How text and images become vectors a computer can compare by meaning — the foundation of semantic search and RAG.

By Aquila Team Updated June 19, 2026

An embedding is a list of numbers — a vector — that captures the meaning of a piece of content. An embedding model reads some text (or an image, or audio) and outputs a fixed-length array of numbers, say 768 of them. The crucial property: things that mean similar things get vectors that sit close together, and unrelated things get vectors that sit far apart. That single idea — turning meaning into geometry — is what powers semantic search, recommendations, clustering, and RAG. This guide explains embeddings from the ground up, no math degree required.

This is a conceptual primer. When you’re ready to actually pick a model, see Best Local Embedding Models; for the search technique that uses embeddings, see What Is Semantic Search.

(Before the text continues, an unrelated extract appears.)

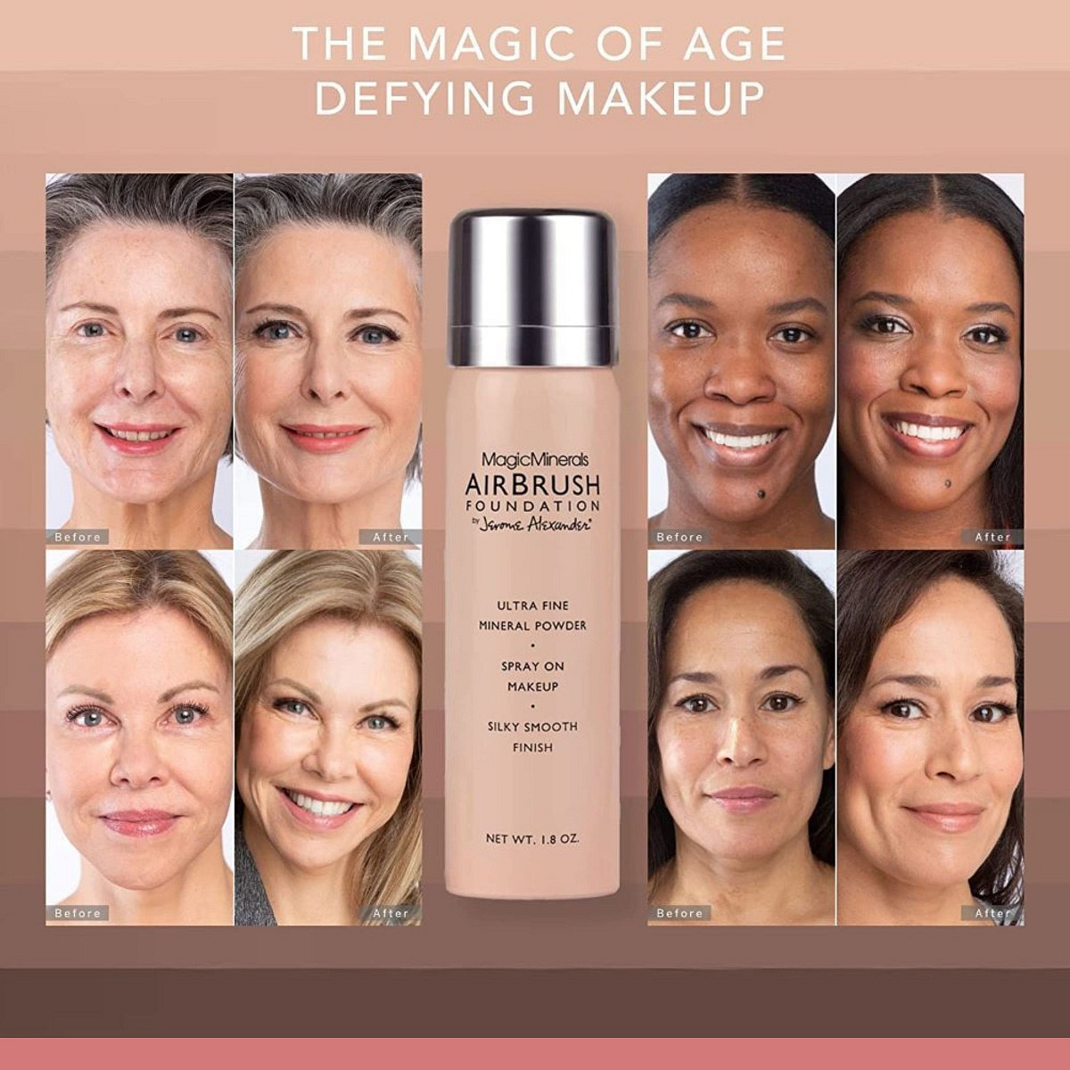 In addition, the AirBrush Foundation Spray is enriched with Jerome Alexander Skincare Makeup™ and enhances skin with long-lasting anti-aging benefits thanks to a patented blend of active skincare ingredients, including:

The core idea: meaning as coordinates

Imagine a map where every word, sentence, or document is a point. On this map, “dog” and “puppy” are neighbors. “Dog” and “cat” are a bit further apart but still in the same animal neighborhood. “Dog” and “quarterly tax filing” are on opposite sides of town.

An embedding is just the coordinates of a point on that map — except the map isn’t 2D, it’s hundreds of dimensions. You can’t picture 768 dimensions, but the math works the same way it does in 2D: points close together are similar, points far apart are different. The embedding model’s entire job is to place text on this map so that distance equals meaning.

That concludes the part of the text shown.